Could not understand the solution

[RamanK]

Find the smallest natural number of the form 2^a3^b7^c, such that the half of the number is the cube of an integer, one third of the number is the seventh power of an integer and one seventh of the number is square of an integer.
[Hint: 2^a 3^b 7^c/2 is a cube only if a – 1, b, c is all divisible by 3].


Given 2^a3^b7c/2 = n³ ═> 2^{a - 1} 3^b7^c = n³
2^a3^b7c/3 = m³ ═> 2^a3^{b - 1}7^c = m⁷
2^a3^b7^c/7 = l² ═> 2^a3^b7^{c - 1} = l²

a = 28 b = 36 and c = 21

Can someone please explain how 2^{a - 1} 3^b7^c will become n³?

 

[Deleted member 4993]

Find the smallest natural number of the form 2^a3^b7^c, such that the half of the number is the cube of an integer, one third of the number is the seventh power of an integer and one seventh of the number is square of an integer.
[Hint: 2^a 3^b 7^c/2 is a cube only if a – 1, b, c is all divisible by 3].

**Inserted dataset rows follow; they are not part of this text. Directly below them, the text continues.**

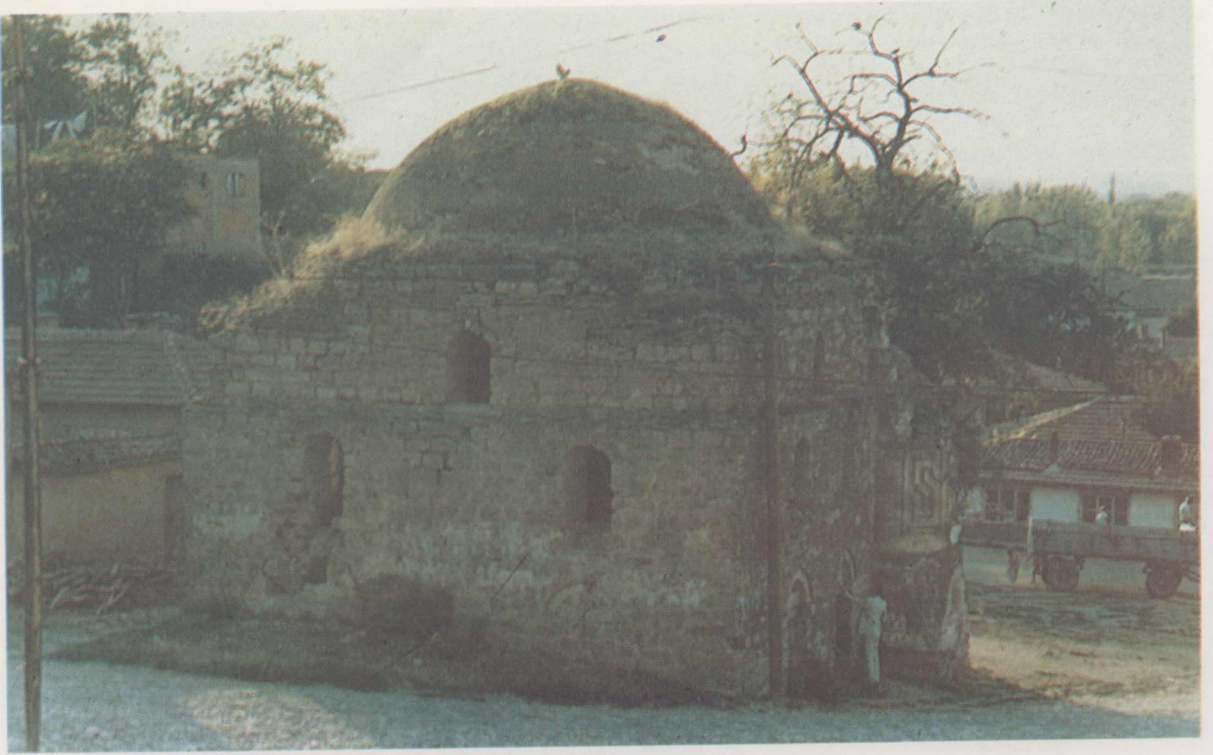
4. Ismail Ağa Camii restorasyon öncesi.
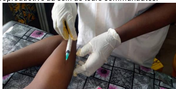
Utilisation des produits contraceptifs par les Jeunes

La participation active des jeunes dans les campagnes de sensibilisation (Planification Familiale, 16 Jours d'Activisme, etc.), en faisant d'eux des acteurs clés de la promotion de la santé reproductive au sein de leurs communautés.
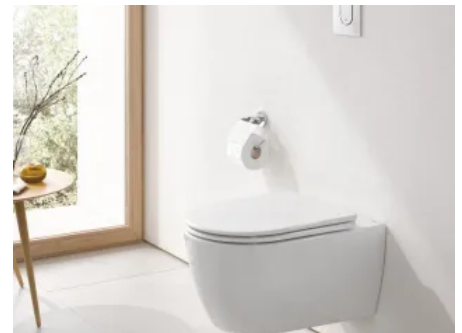
Wand-Tiefspül-WC Essence Keramik
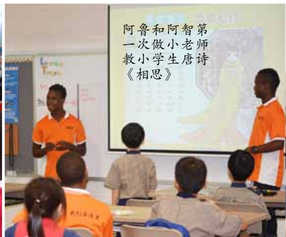
阿鲁和阿智第一次做小老师教小学生唐诗《相思》
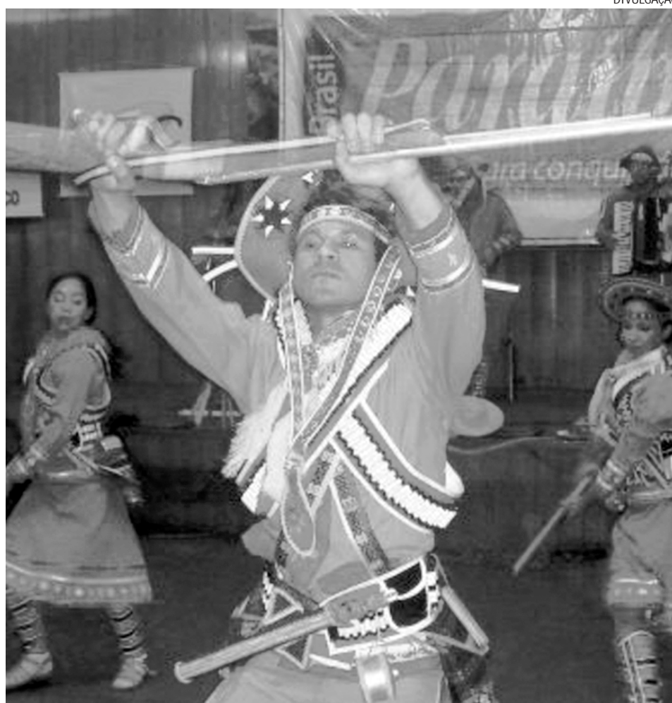
Ontem, o grupo folclórico do Sesc fez uma apresentação em Cuiabá, no Mato Grosso

Ano passado o grupo do Sesc-PB fez turnê por sete Estados do país: Alagoas,
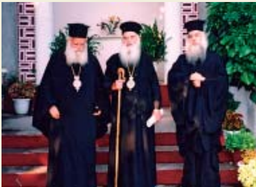
Ὁ μακαριστὸς Σεβ. Κωνσταντῖνος μετὰ τὸν Σεβ. Μητροπολίτη μας κ. Σεραφεῖμ λίγες μέρες μετὰ τὴ χειροτονία τοῦ δευτέρου καὶ τὸν Πρωτ. π. Ἰωαννίκιο Κалаφάτη.

Ἡ νεκρώσιμος Ἀκολουθία τοῦ ἀλήστου μνήμης σεπτοῦ Γέροντος Ἀρχιερέως ἐψάλη εἰς τὸ Μητροπολιτικὸν Ναὸν Λεβαδείας τὸ ἀπόγευμα τῆς ἐορτῆς τοῦ Εὐαγγελισμοῦ τῆς Θεοτόκου, προεξάρχοντος τοῦ Σεβ. Μητροπολίτου Θηβῶν καὶ Λεβαδείας κ. Ἰερωνύμου, πλαισιουμένου ὑπὸ ἕξ (6) Ἀρχιερέων. Κα-
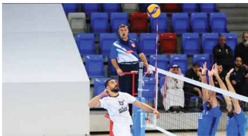
○ من لقاء المعامير والبستين في الدور الأول

وفي اللقاء الثالث، أطر فريق الاتحاد شبك بوري بأربعة أهداف مقابل هدف، في المباراة التي أقيمت على ملعب فيفا، ليرفع الاتحاد رصيده إلى 34 نقطة، فيما تجمد رصيد بوري عند 19 نقطة. وتعكس نتائج الجولة استمرار قوة الاتفاق في سباق الصدارة، في الوقت الذي يواصل فيه الرفاع الشرقي والمنامة ضغطهما في مراكز المقدمة، إلى جانب الاتحاد، ما يندرج بمنافسة محتدمة خلال الجولات المقبلة من المسابقة.
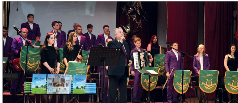
Презентация книги школьных сочинений «Моё село – моя гордость»

– В опубликованной книге живая история нашего края в реальных событиях, судьбах и лицах, рассказы о простых скромных хлеборобах и о знаменитых на всю страну Героях Труда. Волгоградская земля вдохновила вас на искренние слова любви не только к своему родному краю, но и к людям, которые живут в сельской глубинке. Спасибо всем, кто принял участие в конкурсе! Ждем вас в нашем вузе теперь в качестве студентов.
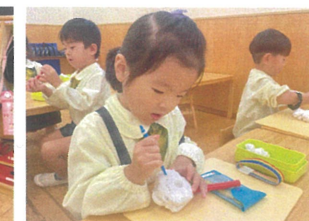
とても糸田から綺麗に 仕上がりましたよ！
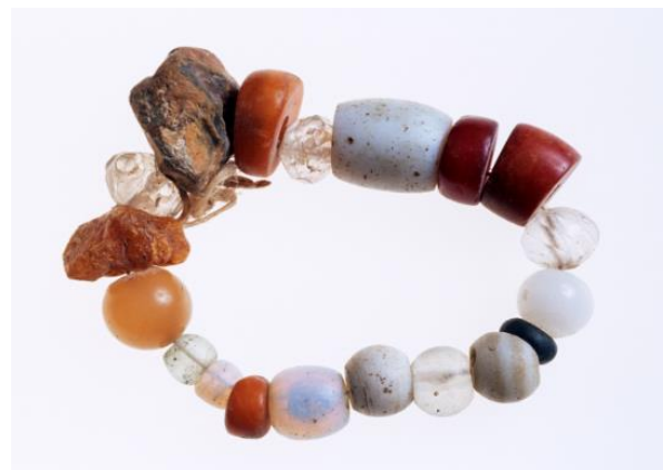
Gougad-patereu Ambre, verre et pâte de verre, Morbihan

Abordant tour à tour les représentations que l'on se fait des sorciers, les rituels d'envoûtements, les dons de guérissons et plein d'autres faits mystérieux, l'exposition J'y crois, j'y crois pas se veut dénuée de tout jugement, offrant à chacun les ingrédients d'une réflexion sur ce domaine de l'étrange.
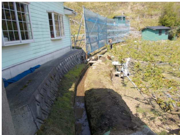
水路壁が沈み大雨になると谷側果樹園に流入
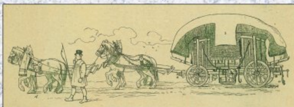
Vyobrazení kočárku z doby od Mikoláše (Česky lid, 1893)
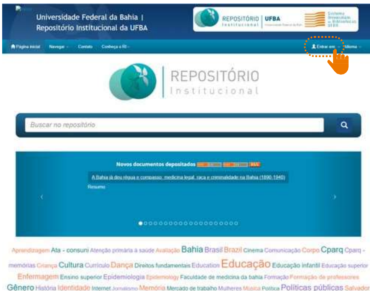
Figura 01 – Acesso ao “Meu Espaço”.

Clique em “Entrar em:”, em seguida “Meu espaço” na página inicial da parte superior do lado direito da página, conforme figura 01.

Given 2^a3^b7c/2 = n³ ═> 2^{a - 1} 3^b7^c = n³
2^a3^b7c/3 = m³ ═> 2^a3^{b - 1}7^c = m⁷
2^a3^b7^c/7 = l² ═> 2^a3^b7^{c - 1} = l²

a = 28 b = 36 and c = 21

Can someone please explain how 2^{a - 1} 3^b7^c will become n³?

Given 2^a3^b7c/2 = n³ ═> 2^{a - 1} 3^b7^c = n³
2^a3^b7c/3 = m³ ═> 2^a3^{b - 1}7^c = m⁷
2^a3^b7^c/7 = l² ═> 2^a3^b7^{c - 1} = l²

Please explain your work - including definitions of m and l.

 

[RamanK]

Given 2^a3^b7c/2 = n³ ═> 2^{a - 1} 3^b7^c = n³
2^a3^b7c/3 = m³ ═> 2^a3^{b - 1}7^c = m⁷
2^a3^b7^c/7 = l² ═> 2^a3^b7^{c - 1} = l²

Please explain your work - including definitions of m and l.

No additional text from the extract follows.